For a home user who only surfs the web and watches the occasional movie on its machine, everything you said might be true. It might even be true when your definition of work means using Adobe Creative Suit. But everybody outside of that clientele knows that your statement simply isn't true - and never has been. It's a repetition of Apple's marketing mantra, but there are no real world facts to support it.
I'm typing this on a 13" Retina MacBook Pro - that currently runs Windows 8.1 Professional as its sole operating system. Why does it only run Win8.1? Because Yosemite is a royal pain in my work environment, which is a data center at a satellite communications teleport.

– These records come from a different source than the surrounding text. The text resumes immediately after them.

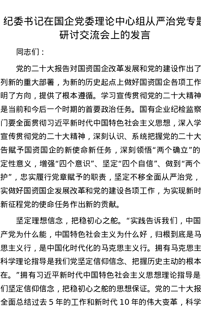 纪委书记在国企党委理论中心组从严治党专题研讨交流会上的发言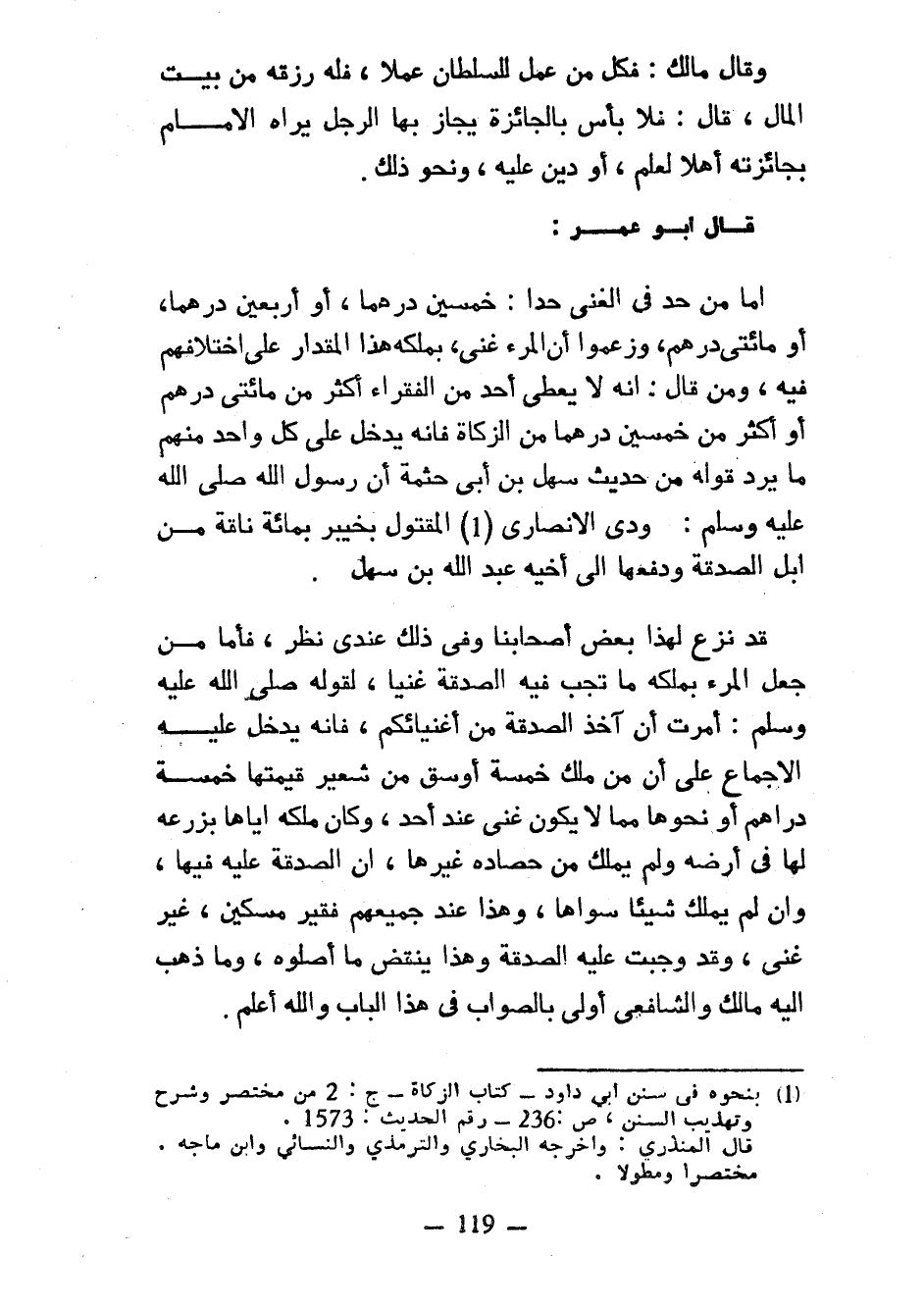 وَقَالَ مَالِكٌ فَكُلٌّ مَنْ عَمِلَ لِلسُّلْطَانِ عَمَلًا فَلَهُ رِزْقُهُ مِنْ بَيْتِ الْمَالِ قَالَ فَلَا بأس بالجائزة يجاز بِهَا الرَّجُلُ يَرَاهُ الْإِمَامُ بِجَائِزَتِهِ أَهْلًا لِعِلْمٍ أَوْ دَيْنٍ عَلَيْهِ وَنَحْوُ ذَلِكَ قَالَ أَبُو عُمَرَ أَمَّا مَنْ حَدَّ فِي الْغِنَى حَدًّا خَمْسِينَ دِرْهَمًا أَوْ أَرْبَعِينَ دِرْهَمًا أَوْ مِائَتَيْ دِرْهَمٍ وَزَعَمُوا أَنَّ الْمَرْءَ غَنِيٌّ بِمَلْكِهِ هَذَا الْمِقْدَارَ عَلَى اخْتِلَافِهِمْ فِيهِ وَمَنْ قَالَ إِنَّهُ لَا يُعْطَى أَحَدٌ مِنَ الْفُقَرَاءِ أَكْثَرَ مِنْ مِائَتَيْ دِرْهَمٍ أَوْ أَكْثَرَ مِنْ خَمْسِينَ دِرْهَمًا مِنَ الزَّكَاةِ فَإِنَّهُ يَدْخُلُ عَلَى كُلِّ وَاحِدٍ مِنْهُمْ مَا يَرُدُّ قَوْلَهُ مِنْ حَدِيثِ سَهْلِ بْنِ أَبِي حَثْمَةَ أَنَّ رَسُولَ اللَّهِ صَلَّى اللَّهُ عَلَيْهِ وَسَلَّمَ وَدَى الْأَنْصَارِيَّ الْمَقْتُولَ بِخَيْبَرَ بِمِائَةِ نَاقَةٍ مِنْ إِبِلِ الصَّدَقَةِ وَدَفَعَهَا إِلَى أَخِيهِ عَبْدِ اللَّهِ بْنِ سَهْلٍ قَدْ نَزَعَ لِهَذَا بَعْضُ أَصْحَابِنَا وَفِي ذَلِكَ عِنْدِي نَظَرٌ فَأَمَّا مَنْ جَعَلَ الْمَرْءَ بِمَلْكِهِ مَا تَجِبُ فِيهِ الصَّدَقَةُ غَنِيًّا لِقَوْلِهِ صَلَّى اللَّهُ عَلَيْهِ وَسَلَّمَ أُمِرْتُ أَنْ آخُذَ الصَّدَقَةَ مِنْ أَغْنِيَائِكُمْ فَإِنَّهُ يَدْخُلُ عَلَيْهِ الْإِجْمَاعُ عَلَى أَنَّ مَنْ مَلَكَ خَمْسَةَ أَوْسُقٍ مِنْ شَعِيرٍ قِيمَتُهَا خَمْسَةُ دَرَاهِمَ أَوْ نَحْوُهَا مِمَّا لَا يَكُونُ غِنًى عِنْدَ أَحَدٍ وَكَانَ مَلْكُهُ إِيَّاهَا بِزَرْعِهِ لَهَا فِي أَرْضِهِ وَلَمْ يَمْلِكْ مِنْ حَصَادِهِ غَيْرَهَا أَنَّ الصَّدَقَةَ عَلَيْهِ فِيهَا وَإِنْ لَمْ يَمْلِكْ شيئا سوها وَهَذَا عِنْدَ جَمِيعِهِمْ فَقِيرٌ مِسْكِينٌ غَيْرُ غَنِيٍّ وَقَدْ وَجَبَتْ عَلَيْهِ الصَّدَقَةُ وَهَذَا يَنْقُضُ مَا أَصَّلُوهُ وَمَا ذَهَبَ إِلَيْهِ مَالِكٌ وَالشَّافِعِيُّ أَوْلَى بِالصَّوَابِ فِي هَذَا الْبَابِ وَاللَّهُ أَعْلَمُ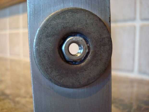 Que vaina mono orificio centrado y taladre el agujero lo suficientemente grande como para forzar la tuerca 1/4 en agujero y súper pegamento en su lugar. Super pegué las arandelas planas grandes a ambos lados para llegar al ras de la tuerca para el montaje.

Even desktop Linux is a more reliable and useful choice where I spend my working hours, and that's saying a lot.
And even if Yosemite did not have all the compatibility and stability problems that it has, its performance is horrible when compared to Windows or Linux on the same MacBook - it's a simple fact that it's the slowest of the three platforms. But performance isn't everything, I agree. If an environment generally is a pleasure to use, a performance hit here and there is a price everybody would be willing to pay. But the next reality is that OS X is NOT more comfortable or easier to use than a modern desktop Linux or even Windows. It's just different, and very often it is only different to be different, not to make things better for the user. Finder compared to Windows Explorer, for example, has been providing an inferior user experience for decades now. Quick Look is awesome, but Finder, pardon my French, is an inferior and unstable piece of crap. Not having the menu bar in the application window has been annoying me for years - but I'm using large screens or multi-screen environments. As long as you're on a single notebook display this is not much of a problem. But when you're working on a 21:9 display or two large widescreen displays this design choice of Apple's becomes immediately counter-productive and intolerable.
But my all-time favorite is the disaster that Apple produced with their non-standard keyboards. I'm using a German keyboard layout and this is the most painful thing to use when you spend your days in terminal windows. Why is there no "delete" key on their notebook keyboards? Why do they not label the braces, pipe symbol and other "special" characters properly? Hell, the whole PC industry gets that job right - only Apple seems to believe that everybody on this planet was born in California.
And if you really want to feel tortured, use VMware's vCenter with a web browser running on OS X. Enjoy the constant crashes. Enjoy the frustrating keyboard incompatibilities.
Macs are so much better and more convenient to use? Not where I earn my money.